Multi-node Multi-GPU Pytorch

Multinode GPUs will speed up the training of very large datasets. Examples for running multi-GPU training using Tensorflow and Pytorch are shown here. This page will guide you through the use of the different deep learning frameworks in Biowulf using interactive sessions and sbatch submission (and by extension swarm jobs).

Important Notes

Allocate a GPU node (such as the K80, P100, V100, and A100 nodes). Please use the 'freen' command for availability.
The python code has to explicitly written to use multi-GPU. The examples here are community written and maintained standards.

Single node Multi-GPU Tensorflow

Main page: www.tensorflow.org
Github page: https://github.com/tensorflow/tensorflow
Tutorial page: https://www.tensorflow.org/get_started/

Allocate an interactive session with 4 GPUs. Sample session follows. (User input in bold.)

[user@biowulf ~]$ sinteractive --gres=gpu:k80:4,lscratch:10 --mem=100g -c56 
salloc.exe: Pending job allocation 58766834
salloc.exe: job 58766834 queued and waiting for resources
salloc.exe: job 58766834 has been allocated resources
salloc.exe: Granted job allocation 58766834
salloc.exe: Waiting for resource configuration
salloc.exe: Nodes cn4216 are ready for job
srun: error: x11: no local DISPLAY defined, skipping

While the central python installation has tensorflow, it does not contain the tensorflow-datasets package needed to run this example.
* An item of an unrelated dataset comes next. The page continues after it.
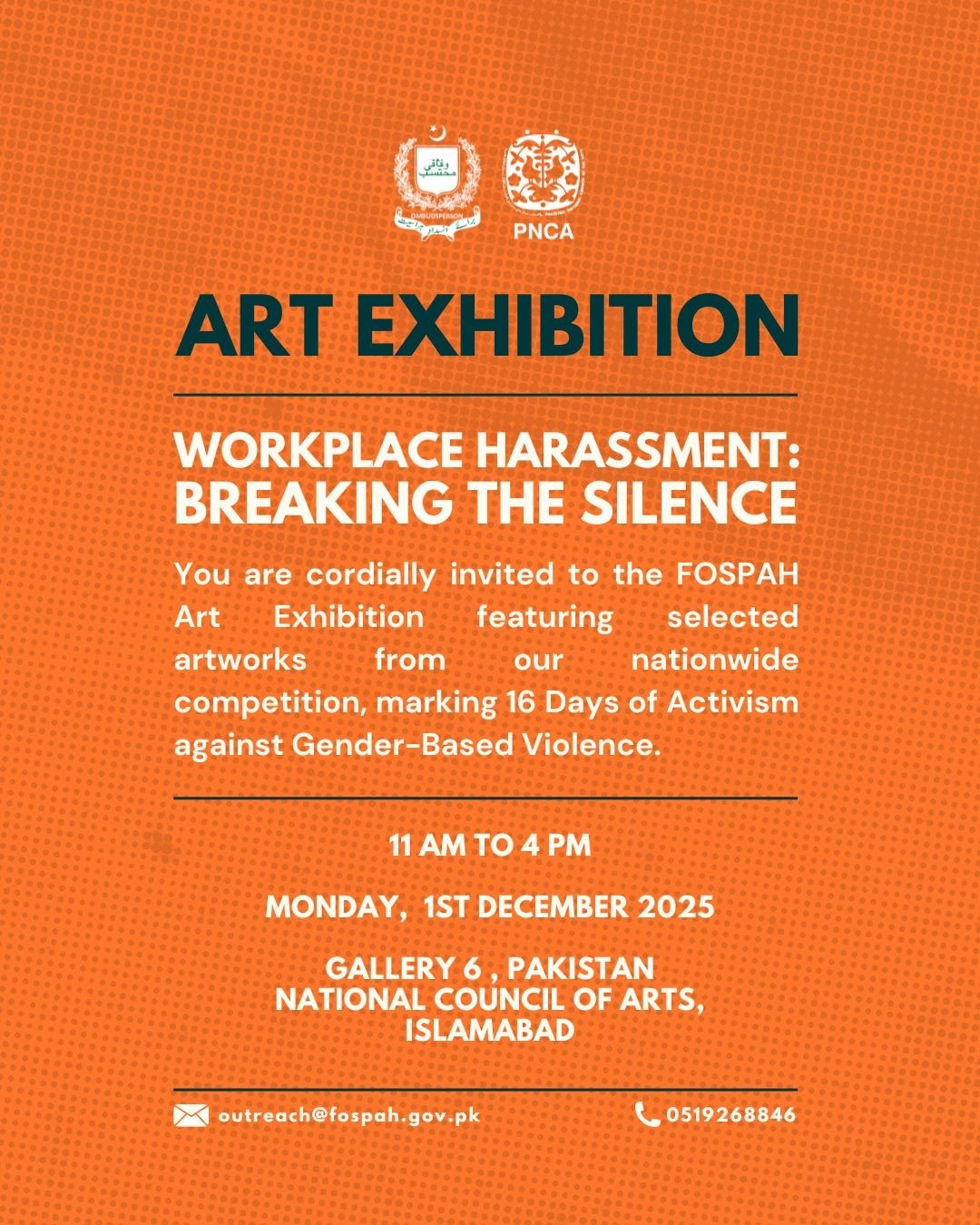 Federal Ombudsperson for Protection Against Harassment @fospah in collaboration with the PNCA is presenting an art exhibition focused on ‘Workplace Harassment: Breaking the Silence’ to showcase the art entries received from students across the nation.

We will create a conda environment. This assumes that you have already installed miniconda according to these instructions.
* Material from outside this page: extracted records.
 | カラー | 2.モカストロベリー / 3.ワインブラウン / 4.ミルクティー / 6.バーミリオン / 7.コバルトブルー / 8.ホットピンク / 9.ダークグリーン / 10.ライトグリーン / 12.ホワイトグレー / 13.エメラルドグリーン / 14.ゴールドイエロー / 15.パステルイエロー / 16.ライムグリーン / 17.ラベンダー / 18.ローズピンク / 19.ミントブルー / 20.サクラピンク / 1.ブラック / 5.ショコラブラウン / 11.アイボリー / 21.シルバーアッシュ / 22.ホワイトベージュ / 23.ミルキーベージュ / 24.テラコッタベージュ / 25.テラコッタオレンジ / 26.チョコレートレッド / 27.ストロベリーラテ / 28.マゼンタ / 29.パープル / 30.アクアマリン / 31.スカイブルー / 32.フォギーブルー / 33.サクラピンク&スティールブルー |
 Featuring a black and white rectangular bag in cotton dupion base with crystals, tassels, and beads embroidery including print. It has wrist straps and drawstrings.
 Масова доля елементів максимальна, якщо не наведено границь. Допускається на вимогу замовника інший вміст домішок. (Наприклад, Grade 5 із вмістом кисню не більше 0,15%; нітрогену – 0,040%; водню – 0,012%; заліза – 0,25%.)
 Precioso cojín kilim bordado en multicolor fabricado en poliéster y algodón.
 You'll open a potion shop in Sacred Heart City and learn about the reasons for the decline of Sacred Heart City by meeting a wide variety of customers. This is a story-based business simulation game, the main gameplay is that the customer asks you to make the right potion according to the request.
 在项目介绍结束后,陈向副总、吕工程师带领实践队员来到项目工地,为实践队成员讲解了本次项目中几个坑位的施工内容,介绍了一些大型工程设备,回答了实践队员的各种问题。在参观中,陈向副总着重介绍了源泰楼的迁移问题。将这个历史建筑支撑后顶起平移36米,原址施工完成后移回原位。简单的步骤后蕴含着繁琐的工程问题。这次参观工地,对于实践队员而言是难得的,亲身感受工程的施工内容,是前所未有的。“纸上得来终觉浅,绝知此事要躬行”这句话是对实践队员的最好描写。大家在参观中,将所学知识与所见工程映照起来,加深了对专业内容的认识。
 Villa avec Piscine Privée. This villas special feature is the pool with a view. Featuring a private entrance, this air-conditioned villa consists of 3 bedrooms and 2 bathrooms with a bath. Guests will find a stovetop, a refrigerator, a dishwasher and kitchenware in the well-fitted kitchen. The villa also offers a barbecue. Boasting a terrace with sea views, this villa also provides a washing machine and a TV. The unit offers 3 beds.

[user@cn4216 ~]$ source /data/${USER}/conda/etc/profile.d/conda.sh 

[user@cn4216 ~]$ conda create -y -n tensorflow \
    python=3.7 tensorflow-gpu==2.1.0 tensorflow-datasets==1.2.0 
Collecting package metadata (current_repodata.json): done
Solving environment: failed with repodata from current_repodata.json, will retry with next repodata source.
Collecting package metadata (repodata.json): done
Solving environment: done

## Package Plan ##

  environment location: /data/user/conda/envs/tensorflow

  added / updated specs:
    - python=3.7
    - tensorflow-datasets==1.2.0
    - tensorflow-gpu==2.1.0

The following NEW packages will be INSTALLED:

  _libgcc_mutex      pkgs/main/linux-64::_libgcc_mutex-0.1-main
  _tflow_select      pkgs/main/linux-64::_tflow_select-2.1.0-gpu
  absl-py            pkgs/main/linux-64::absl-py-0.9.0-py37_0
[...snip...]
Executing transaction: done
#
# To activate this environment, use
#
#     $ conda activate tensorflow
#
# To deactivate an active environment, use
#
#     $ conda deactivate

[user@cn4216 ~]$ conda activate tensorflow

Clone the tensorflow models github repository.
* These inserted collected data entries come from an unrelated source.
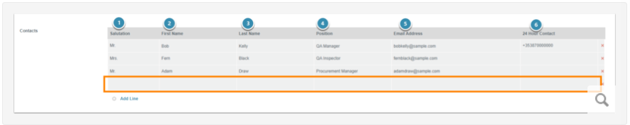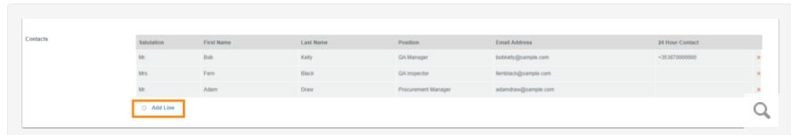 Scroll to the Supplier Contacts section on the Supplier page, then click Add Line to add a new Supplier Contact. A new line will appear for entering the contact details.
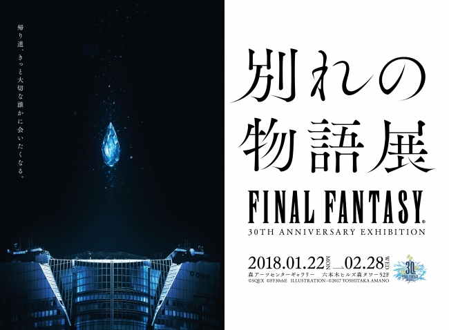 株式会社スクウェア・エニックス(所在地:東京都新宿区、代表取締役社長:松田 洋祐)は、全世界累計1億3,500万本以上の出荷・ダウンロード販売を誇るRPGシリーズ「ファイナルファンタジー」誕生30周年の集大成として、30年の歴史を別れをテーマに振り返る大規模回顧展『FINAL FANTASY 30th ANNIVERSARY EXHIBITION -別れの物語展- (以下、別れの物語展と記載)』を、2018年1月22日(月)〜2月28日(水)に六本木ヒルズ森タワー52階 森アーツセンターギャラリーで開催いたします。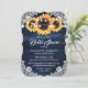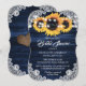 Navy Blue Yellow Sunflower Wood Lace Bridal Shower Invitation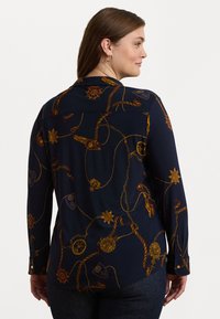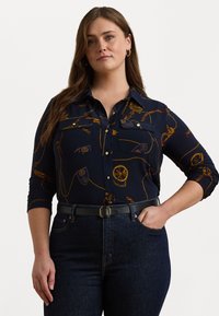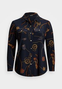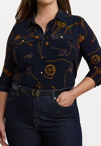 SLIM FIT BELTING PRINT JERSEY SHIRT - Button-down blouse - navy

(tensorflow)[user@cn4216 ~]$ mkdir -p /data/${USER}/deeplearning

(tensorflow)[user@cn4216 ~]$ cd /data/${USER}/deeplearning

(tensorflow)[user@cn4216 deeplearning]$ git clone https://github.com/tensorflow/models.git && cd models
Cloning into 'models'...
remote: Enumerating objects: 6, done.
remote: Counting objects: 100% (6/6), done.
remote: Compressing objects: 100% (6/6), done.
remote: Total 36106 (delta 0), reused 1 (delta 0), pack-reused 36100
Receiving objects: 100% (36106/36106), 520.11 MiB | 43.63 MiB/s, done.
Resolving deltas: 100% (24044/24044), done.
Checking out files: 100% (2531/2531), done.

(tensorflow)[user@cn4216 models]$ git checkout v2.1.0 # match tensorflow version
Checking out files: 100% (2577/2577), done.
Note: checking out 'v2.1.0'.

You are in 'detached HEAD' state. You can look around, make experimental
changes and commit them, and you can discard any commits you make in this
state without impacting any branches by performing another checkout.

If you want to create a new branch to retain commits you create, you may
do so (now or later) by using -b with the checkout command again. Example:

  git checkout -b new_branch_name

HEAD is now at d7a2673... Removing research/samples/tutorials models

Set up some work directories, prepare the environment, and train the model.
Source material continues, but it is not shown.